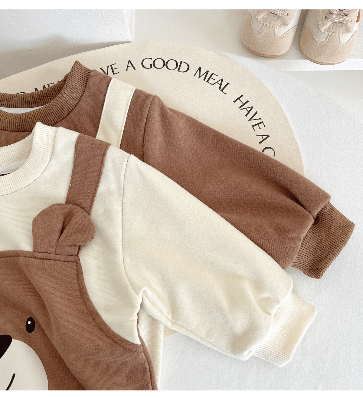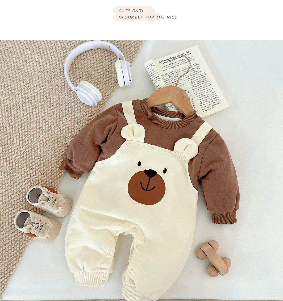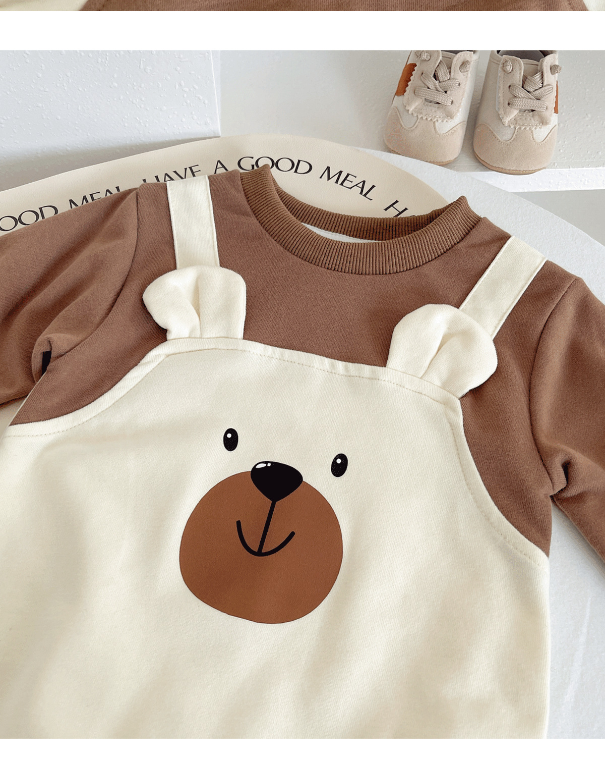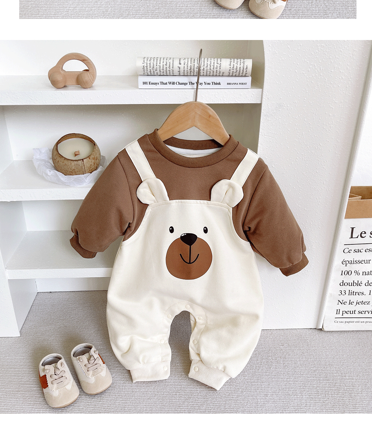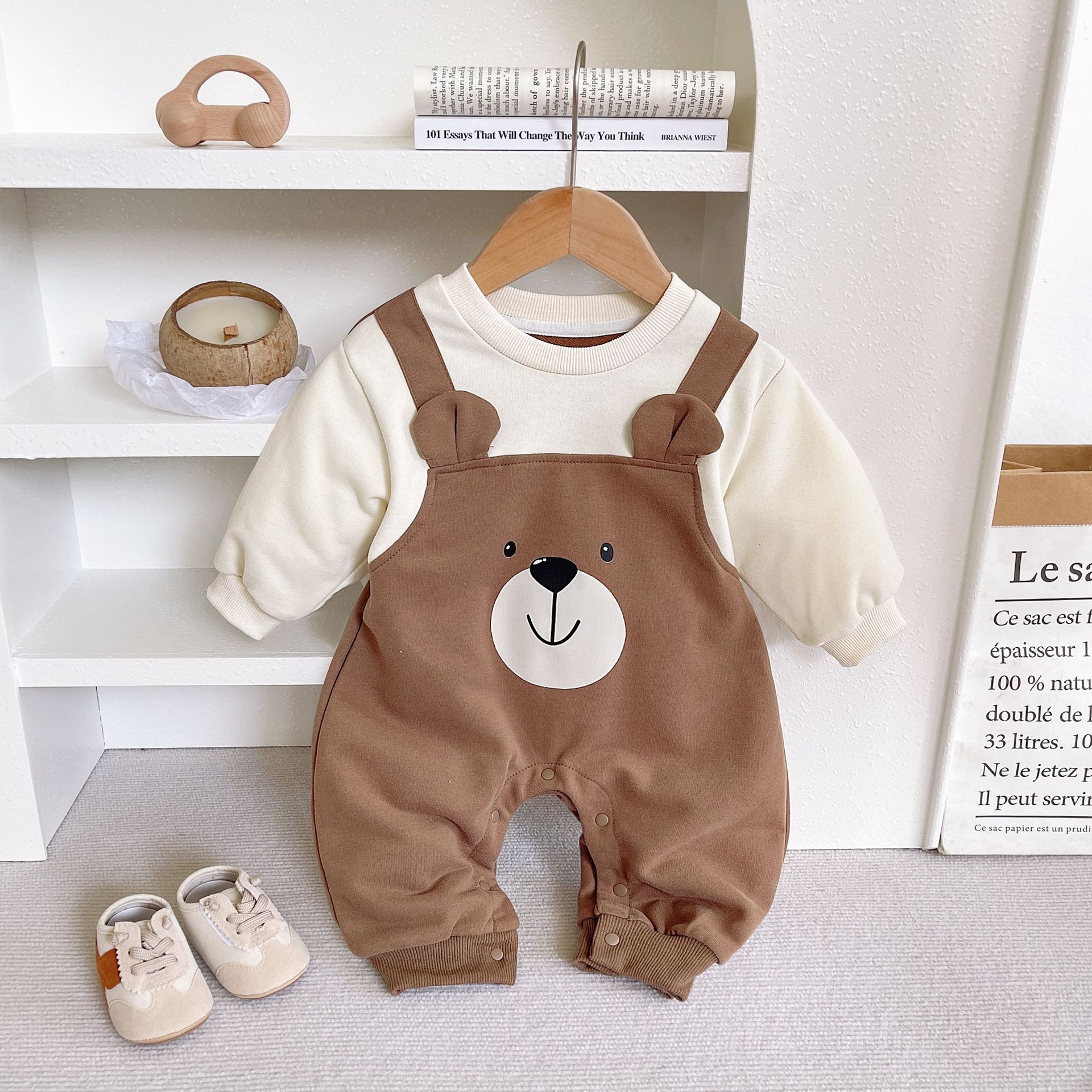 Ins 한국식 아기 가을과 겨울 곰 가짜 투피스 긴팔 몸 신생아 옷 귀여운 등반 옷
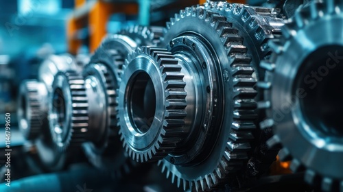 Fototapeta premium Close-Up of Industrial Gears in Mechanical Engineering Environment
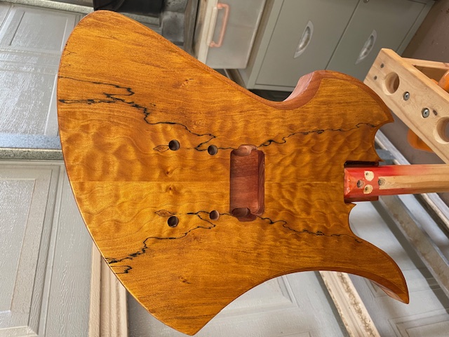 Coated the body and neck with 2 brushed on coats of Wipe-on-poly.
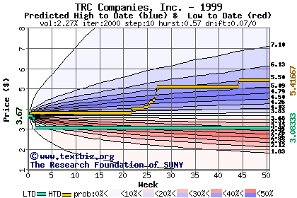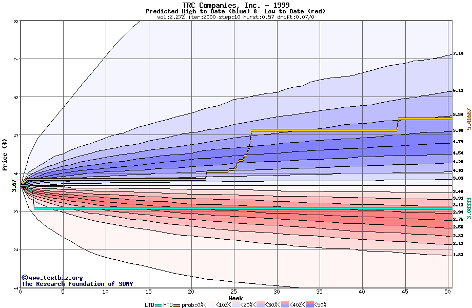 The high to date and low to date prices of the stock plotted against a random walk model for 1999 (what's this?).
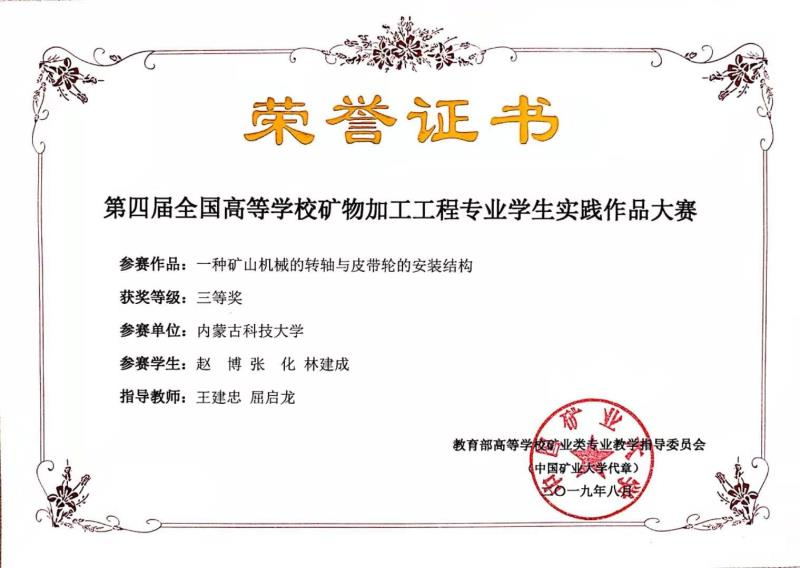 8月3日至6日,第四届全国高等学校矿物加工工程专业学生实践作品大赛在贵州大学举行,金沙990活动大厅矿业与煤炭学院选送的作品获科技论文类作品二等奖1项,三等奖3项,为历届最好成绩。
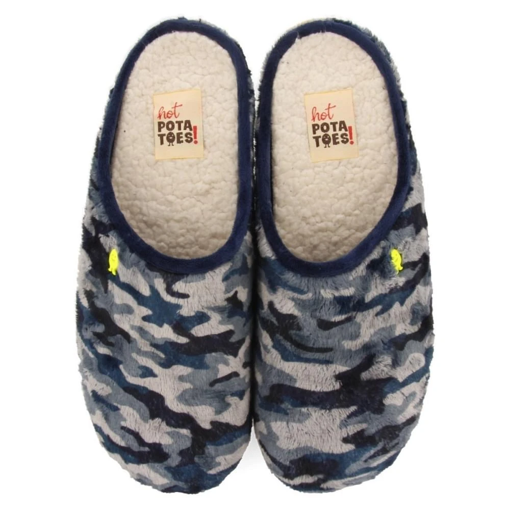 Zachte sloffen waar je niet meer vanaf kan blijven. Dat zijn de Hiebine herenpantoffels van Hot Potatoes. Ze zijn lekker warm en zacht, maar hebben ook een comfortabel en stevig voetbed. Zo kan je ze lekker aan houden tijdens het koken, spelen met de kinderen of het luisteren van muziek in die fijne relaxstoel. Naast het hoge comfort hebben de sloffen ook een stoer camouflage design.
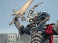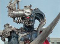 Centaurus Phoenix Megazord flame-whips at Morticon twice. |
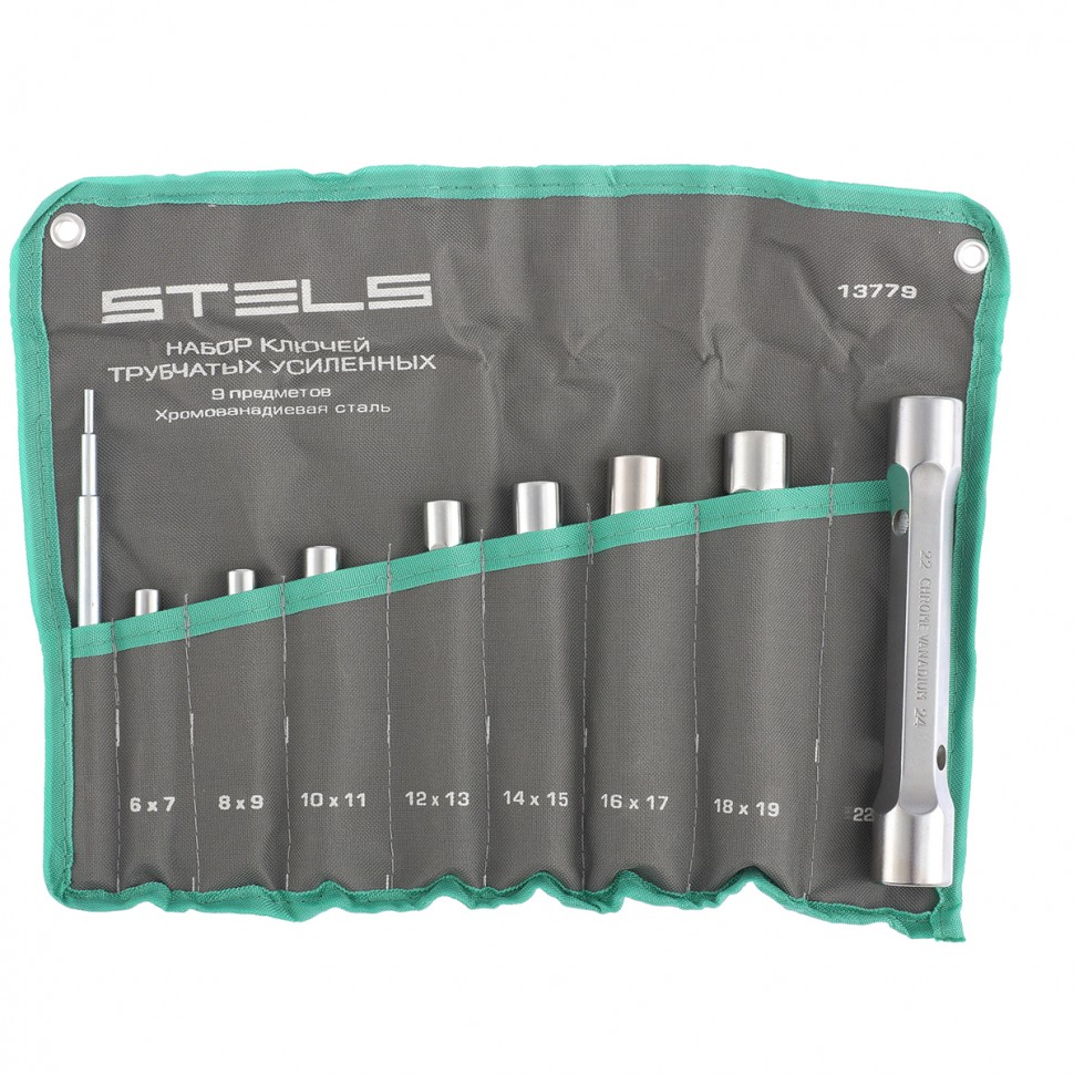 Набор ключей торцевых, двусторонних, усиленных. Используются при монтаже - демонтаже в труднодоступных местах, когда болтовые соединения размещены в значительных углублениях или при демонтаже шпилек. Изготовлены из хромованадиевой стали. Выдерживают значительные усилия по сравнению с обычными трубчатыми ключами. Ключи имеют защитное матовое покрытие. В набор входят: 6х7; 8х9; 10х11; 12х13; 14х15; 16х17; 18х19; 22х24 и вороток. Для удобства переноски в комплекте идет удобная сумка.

● ● ● ● ●

▶ WORK TO COMPLETE:
Pictures are to be left out; otherwise, retype exactly the lines from the first line of the data through the line containing "8月3日至6日,第四届全国高".

▶ PROBLEM SOLUTION:
 Ins 한국식 아기 가을과 겨울 곰 가짜 투피스 긴팔 몸 신생아 옷 귀여운 등반 옷
 Fototapeta premium Close-Up of Industrial Gears in Mechanical Engineering Environment
 Coated the body and neck with 2 brushed on coats of Wipe-on-poly.
 The high to date and low to date prices of the stock plotted against a random walk model for 1999 (what's this?).
 8月3日至6日,第四届全国高等学校矿物加工工程专业学生实践作品大赛在贵州大学举行,金沙990活动大厅矿业与煤炭学院选送的作品获科技论文类作品二等奖1项,三等奖3项,为历届最好成绩。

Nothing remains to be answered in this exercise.